Within those data, onshore oil production is the most pertinent metric because that is where the shale basins are and, therefore, where producers are likely to react quickest to any incentive to drill. In data going back to 2003, output actually crossed above 1 million barrels a day for the first time during Biden’s tenure. And while it has declined somewhat since last summer, that coincides with a decline in oil prices — no conspiracy needed.
Moreover, as Enersection laid out in an analysis published in September, roughly seven out of every 10 barrels of oil produced onshore on federal lands comes from just two counties in the entire country: Lea and Eddy in New Mexico. And between 2010 and 2020, while oil and gas companies leased about 15 million new federal acres, they allowed leases on 34 million to expire. In short, if your concern is raising U.S. oil and gas production further, the action is overwhelmingly on private and state lands, not federal acreage.

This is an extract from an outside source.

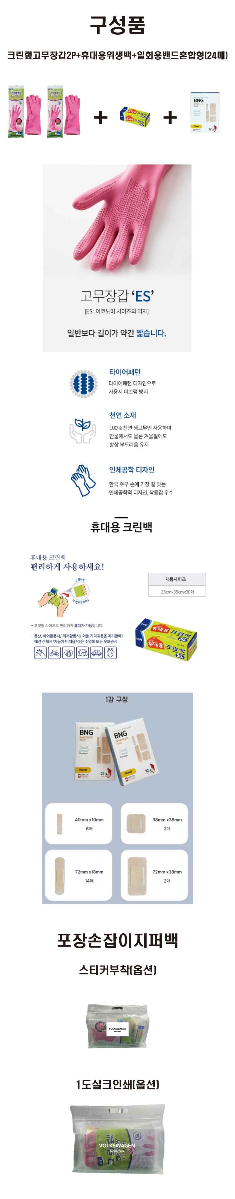 리니 크린랲 고무장갑 위생백 일회용밴드세트

Even leaving that aside, linking releases from the SPR via some mathematical formula to leasing more federal land, as the House Republicans’ bill would mandate, doesn’t make sense if your actual concern is replenishing barrels quickly. If Congress is really concerned with refilling the SPR, codifying the repurchasing parameters put forward by the Department of Energy last year would be a useful outcome. This would send a clearer signal to producers about the SPR’s role as a source of incremental demand when being refilled, in part by limiting the White House’s scope to move the goal posts.
The energy transition, by its nature, does act as a brake on investment in oil and gas, particularly longer-dated projects, and is gathering pace regardless of Biden’s utterances. Where the administration has real power to facilitate domestic production, such as leasing rounds and permits, it should do so responsibly, especially in light of Russia’s energy war.